For The Church that was an adapted excerpt from Jesus Outside the Lines: A Way Forward for Those Who Are Tired of Taking Sides by Scott Sauls. Sauls is the senior pastor of Christ Presbyterian Church in Nashville, TN. His church is affiliated with the Presbyterian Church in America.

He addresses politics and the church and this is a topic I’ve pondered for a number of years which is ironic as I’ve written a political blog for almost 12 years. I started engaging in politics while I was in full-time vocational ministry, but not while I was ministering.

Church and state so to speak. That does not mean that I shied away from politically-charged topics when the Bible addresses them, but I never wanted to be partisan. I never wanted to preach politics. I wanted to preach the Gospel. From a liberty point-of-view, I believe churches should have the freedom to engage in the political realm and the government, via the IRS, should not regulate the pulpit. Saying that, when I was a pastor, I would never dream of making an endorsement from the pulpit or allow partisan politics to impact my ministry. (I have endorsed candidates as a private citizen on my own time.)

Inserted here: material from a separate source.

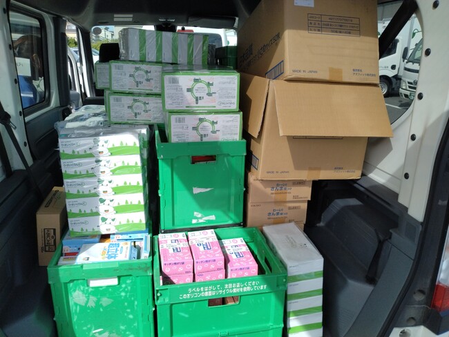 支援物資は、災害用の備蓄品で、飲料水や非常食、トイレットペーパーやマスクなど、緊急時に活用できる物資です。スタッフが配送トラックに追従して運搬し、必要に応じて提供しています。訪問時に相対できた利用者からは、「パルシステムを続けていてよかった」「本当にありがたい、感謝します」など声をかけられ、なかには涙をこぼす方もいました。

My main thing was the proclamation of the law and gospel. I was focused on the word of God, and if I am preaching the whole counsel of God then eventually topics like abortion, marriage, immigration (sojourners), poverty, etc. will come up and pastors need to handle those topics faithfully.

I wanted to highlight a couple of things that Sauls said that resonated with me.

As is the case with every paradox associated with Christianity, there is a both/and and a neither/nor component as it relates to political loyalties. Unless a human system is fully centered on God (no human system is), Jesus will have things to affirm and things to critique about it. The political left and the political right are no exception.

If we believe when Jesus returns that He is going to side 100 percent with every political position we have taken on every issue then we are sorely mistaken. (I’m sure we will also find out we are wrong about some of those minor theological positions we can be dogmatic about. This is not an invitation to debate which ones.)

I am conservative, but conservatism is a flawed, human-based political ideology. Conservatism is not inerrant. Scripture is. For those brothers and sisters who identify with the political left the same is true. If you happen to be in the political middle, guess what? Your ideology is just as flawed.

But when it comes to politics, the Bible gives us no reason to believe that Jesus would side completely with one political viewpoint over another. Rather, when it comes to kings and kingdoms, Jesus sides with himself.

Jesus is the King of Kings and the Lord of Lords. As author and pastor, Dr. Tony Evans once said, when Jesus returns He will not come to take sides, but to take over.

Far too often we put our trust in candidates and in ideologies. That is misplaced trust. Scripture exhorts us: “Put not our trust in princes, in a son of man, in whom there is no salvation. When his breath departs, he returns to the earth; on that very day his plans perish,” (Psalm 146:3-4, ESV).

So the question we need to ask, Sauls says, is not whether God is on our side, but rather are we on His?

In our churches, yes even in faithful, Bible-teaching, evangelical churches there will be people of all political persuasions and parties who are our brothers and sisters in Christ.

Sauls provides us a challenge:

We should feel “at home” with people who share our faith but not our politics even more than we do with people who share our politics but not our faith. If this is not our experience, then we very well may be rendering to Caesar what belongs to God.

People from varying political persuasions can (and should) experience unity under a single, first allegiance to Jesus the King, who on the cross removed and even “killed” the dividing wall of hostility between people on the far left, people on the far right, and people everywhere in between.

If that isn’t our attitude, then we need to repent.